#### Exercise description
Your job is to set down the stretch of entries that opens with the line containing "Kit 6 Alça /" and closes with the line containing "Early 20th century". Keep both end lines, copy each exactly, and add nothing.

#### Data for this task

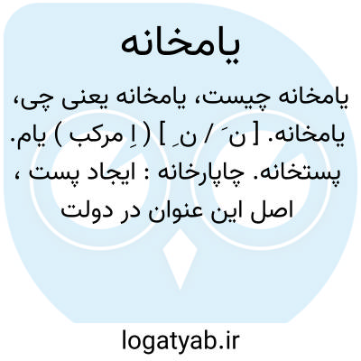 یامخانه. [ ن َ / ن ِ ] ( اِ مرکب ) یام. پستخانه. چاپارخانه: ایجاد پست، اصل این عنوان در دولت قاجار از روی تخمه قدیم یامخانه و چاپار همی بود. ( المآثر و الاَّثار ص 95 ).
* * *
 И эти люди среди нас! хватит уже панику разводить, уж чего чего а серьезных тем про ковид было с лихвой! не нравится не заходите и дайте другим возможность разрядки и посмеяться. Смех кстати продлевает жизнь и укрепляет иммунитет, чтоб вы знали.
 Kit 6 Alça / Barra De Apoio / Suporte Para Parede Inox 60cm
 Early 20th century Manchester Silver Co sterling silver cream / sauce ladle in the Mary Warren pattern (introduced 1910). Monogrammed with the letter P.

#### Finished task
 Kit 6 Alça / Barra De Apoio / Suporte Para Parede Inox 60cm
 Early 20th century Manchester Silver Co sterling silver cream / sauce ladle in the Mary Warren pattern (introduced 1910). Monogrammed with the letter P.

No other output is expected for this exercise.